Bei Erwachsenen soll die Früherkennung von kardiovaskulären Erkrankungen ebenfalls verbessert werden. Dabei sollen Check-Ups für Herz-Kreislauf-Erkrankungen im Alter von 25, 40 und 50 Jahren erfolgen. Teil davon sollen standardisierte Befragungen und Untersuchungen sein. Auch hier ist eine Einladung durch die Krankenkassen vorgesehen.
Erleichtert soll zudem für die medikamentöse Tabakentwöhnung werden. Aktuell erfolgt eine Kostenerstattung durch die Krankenkassen alle drei Jahre nur bei einer schweren Abhängigkeit. Nun soll die Tabakentwöhnung häufiger finanziert werden können und nicht nur bei „schwerer“ Tabakabhängikeit.

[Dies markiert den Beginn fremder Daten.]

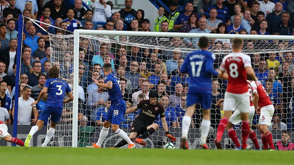 Trillerin maalikorkki aukesi, kun Chelsean Jorginho tarjoili Marcos Alonsolle vasemmalla korkean pystypallon, ja Pedro Rodriguez kiiti samaan aikaan keskeltä rangaistusalueelle. Alonso jakoi täydellisen matalan syötön pilkun tienoille ja Pedro paukautti sinipaidat 1–0-johtoon.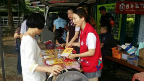 社區(qū)工作人員向居民介紹便民服務(wù)活動(dòng)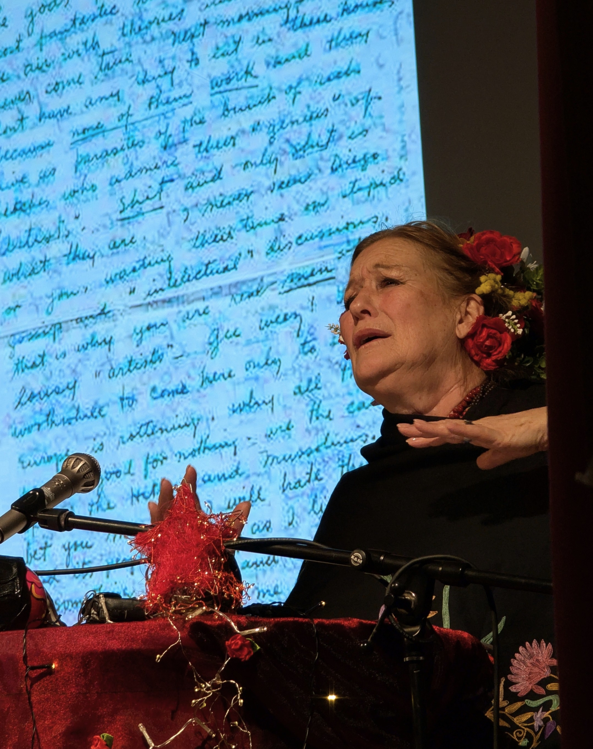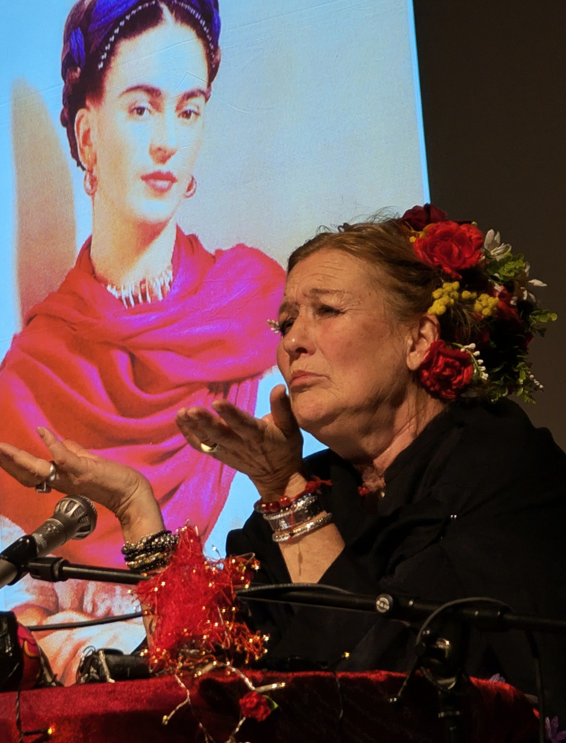 Suzanne von Borsody las aus ihren Briefen. Durch ihren ausdrucksvollen Vortrag wurde das Leben und Leiden der FRIDA sehr anschaulich dargestellt. Das Trio AZUL unterstützte sie mit ihrer Musik. Und an der Leinwand wurden Bilder von FRIDA und Begegnungen ihres Lebens gezeigt.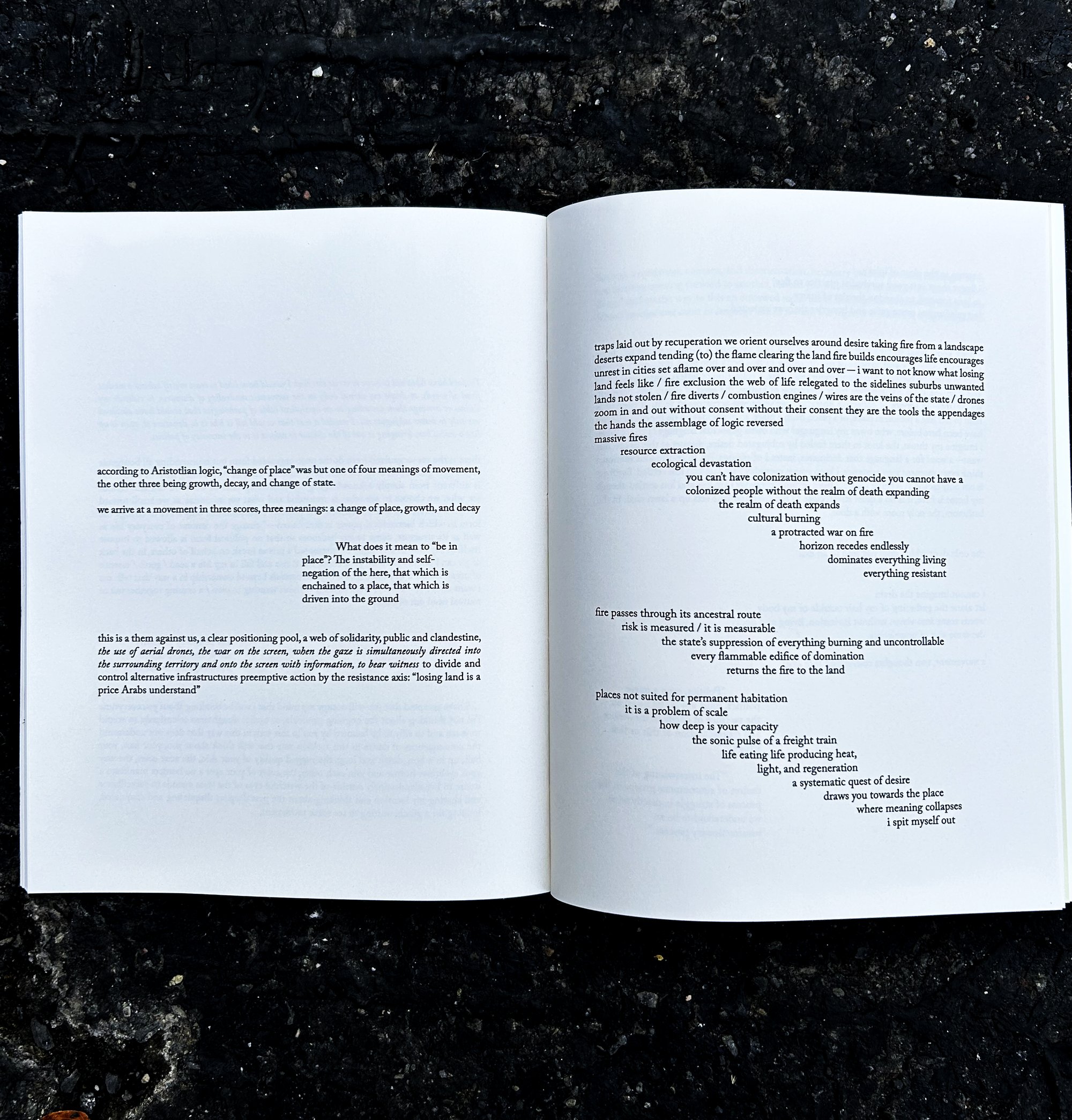 Intertextually poetic, Sahar Khraibani writes in conversation with other writers and philosophers to question, “who owns my language?” and “What does it mean to be in / place?" And yet, between bureaucracy and philosophy, there are moments of intimacy, friendship coexisting in the shared space of the poem—between speaker and addressee, the body and the living world—where belonging carries the weight of grief.

Dem Gesetz zufolge sollen die Empfehlungen zum Tabak- und Ernährungsverhalten extrabudgetär vergütet werden. Zudem sollen die Apotheken in die Präventionsprogramme einbezogen werden.
Eine weitere Änderung gibt es bei den Disease-Management-Programmen (DMP). „Die strukturierten Behandlungsprogramme sollen eine verpflichtende Kassenleistung werden“, kündigte Lauterbach an. Es soll zudem ein DMP für die Primärprävention geben.